*** PROVIDED DATA Section Begins ***

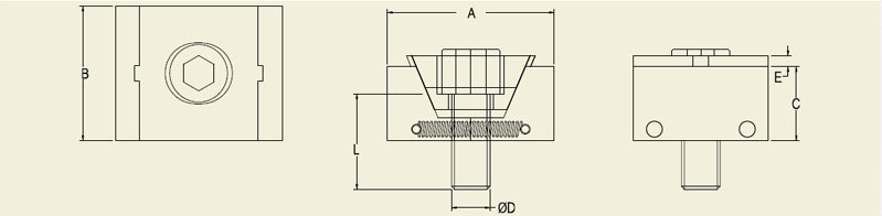 | MODEL | A | B | C | ØD X L | E | Tightening Torque Nm MAx.* | Clamping Force Max. |
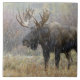 Bull moose in snowstorm with aspen trees ceramic tile
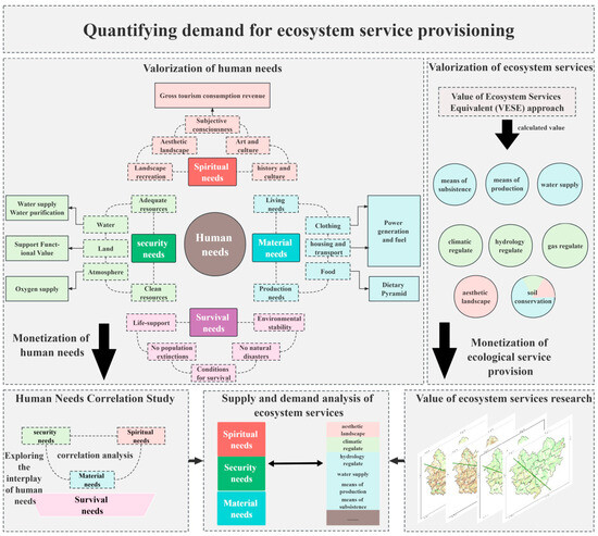 ESs belong to the supply side and do not directly possess economic attributes. The existence of human needs gives ESs economic value. Marx and Engels’ theory of supply and demand proposes that the purpose of production is to meet consumption, and the purpose of supply is to meet demand. Supply and demand are premised on each other, with demand exerting a certain influence on supply. It is impossible for demand to be passively determined by supply without conditions. Therefore, focusing solely on supply and ignoring demand is one-sided. Transparency in the value of supply and demand for ecosystem services can lead to their recognition in public decision making, valuing, and taking full account of the role of natural capital. Values have a double meaning, referring to both what we consider important (i.e., goals or objectives) and the relative value of trade-offs (the contribution of an object or behavior to the achievement of a particular goal) [36]. Consequently, there is a need to conduct research on the valuation of human needs in ESs to further refine the concept of ES value. While research on valuations has been conducted at the supply level of ESs, such as studies on ES value [37,38] and equivalent factors, related research from the perspective of the valuation of human needs is lacking.
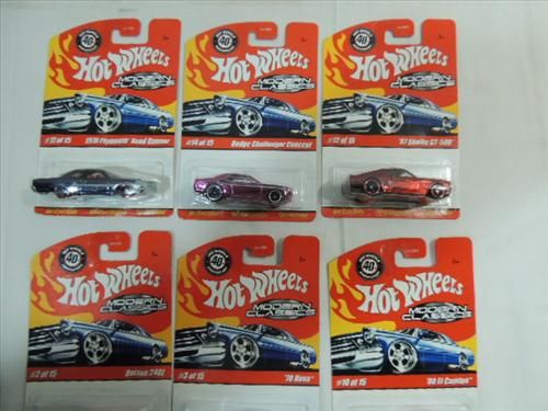 LOT 6 40TH ANNIVERSARY HOT WHEEL CLASSICS: 240Z, ROAD RUNNER, SHELBY, NOVA AND MORE. AS SHOWN. VIEW PICTURE FOR DETAIL.
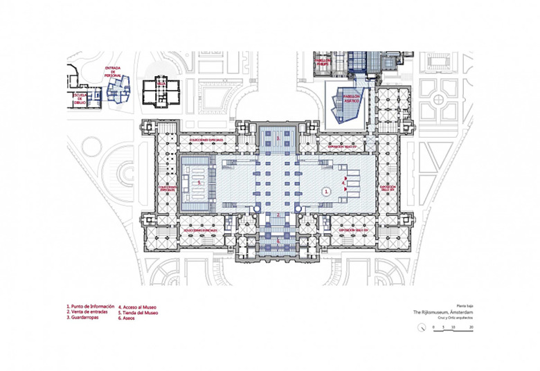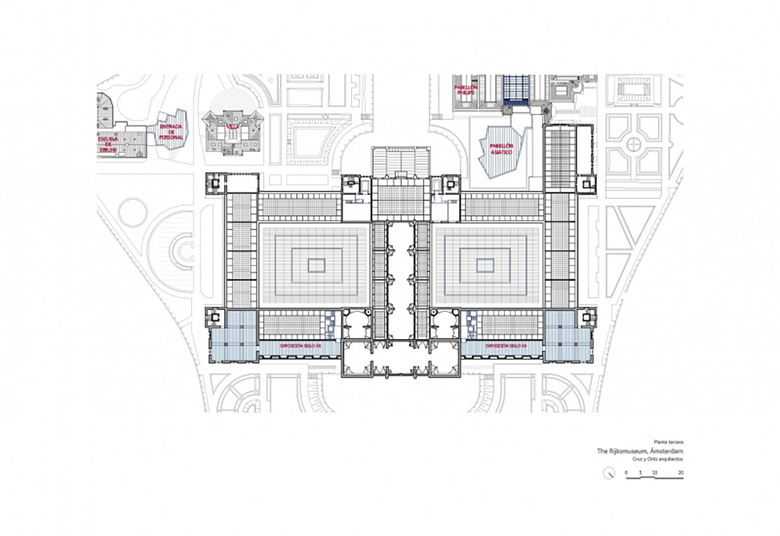 El edificio del Rijksmuseum de Ámsterdam fue proyectado a finales del XIX por el arquitecto holandés Pieter Cuypers. El programa del edificio era doble, de una parte museo nacional, de otra, puerta de entrada hacia el sur de Ámsterdam.
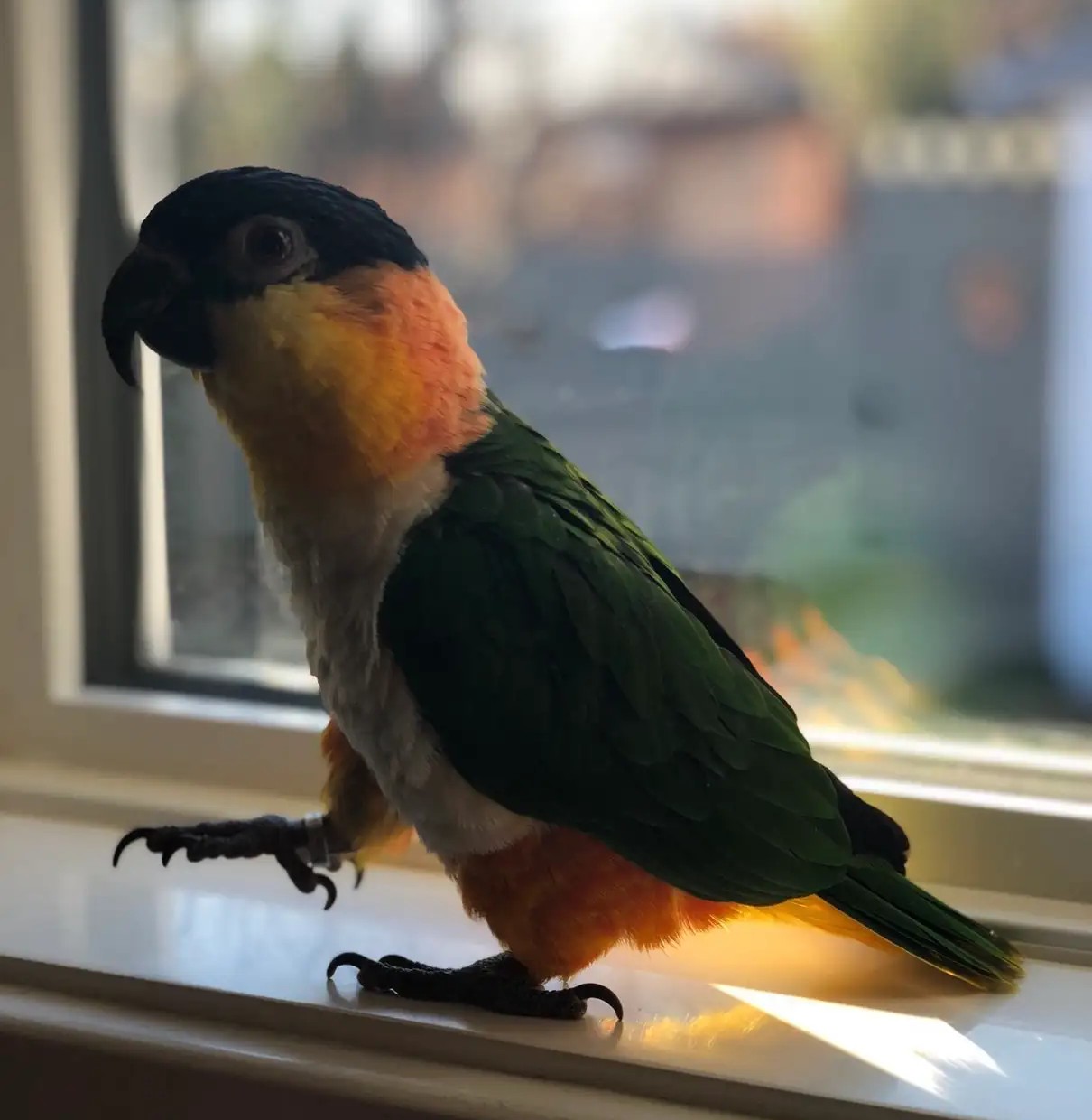Wir freuen uns, Ihnen  Carla , eine wunderschöne Schwarzkopf-Kaique (Pionites melanocephalus) vorzustellen – ein exotischer, äußerst interaktiver Papagei, ideal für Interessenten, die nach black headed caique for sale europe oder caique parrot for sale germany suchen. Aufgezogen mit viel Sorgfalt bei Papageienparadies.com, einem registrierten Züchter, der zu den besten Europas zählt.

*** PROVIDED DATA Section Ends ***

== WHAT TO WORK ON ==
Could each line of the data be written out exactly, with no pictures included?

== EXERCISE RESULT ==
 | MODEL | A | B | C | ØD X L | E | Tightening Torque Nm MAx.* | Clamping Force Max. |
 Bull moose in snowstorm with aspen trees ceramic tile
 ESs belong to the supply side and do not directly possess economic attributes. The existence of human needs gives ESs economic value. Marx and Engels’ theory of supply and demand proposes that the purpose of production is to meet consumption, and the purpose of supply is to meet demand. Supply and demand are premised on each other, with demand exerting a certain influence on supply. It is impossible for demand to be passively determined by supply without conditions. Therefore, focusing solely on supply and ignoring demand is one-sided. Transparency in the value of supply and demand for ecosystem services can lead to their recognition in public decision making, valuing, and taking full account of the role of natural capital. Values have a double meaning, referring to both what we consider important (i.e., goals or objectives) and the relative value of trade-offs (the contribution of an object or behavior to the achievement of a particular goal) [36]. Consequently, there is a need to conduct research on the valuation of human needs in ESs to further refine the concept of ES value. While research on valuations has been conducted at the supply level of ESs, such as studies on ES value [37,38] and equivalent factors, related research from the perspective of the valuation of human needs is lacking.
 LOT 6 40TH ANNIVERSARY HOT WHEEL CLASSICS: 240Z, ROAD RUNNER, SHELBY, NOVA AND MORE. AS SHOWN. VIEW PICTURE FOR DETAIL.
 El edificio del Rijksmuseum de Ámsterdam fue proyectado a finales del XIX por el arquitecto holandés Pieter Cuypers. El programa del edificio era doble, de una parte museo nacional, de otra, puerta de entrada hacia el sur de Ámsterdam.
Wir freuen uns, Ihnen  Carla , eine wunderschöne Schwarzkopf-Kaique (Pionites melanocephalus) vorzustellen – ein exotischer, äußerst interaktiver Papagei, ideal für Interessenten, die nach black headed caique for sale europe oder caique parrot for sale germany suchen. Aufgezogen mit viel Sorgfalt bei Papageienparadies.com, einem registrierten Züchter, der zu den besten Europas zählt.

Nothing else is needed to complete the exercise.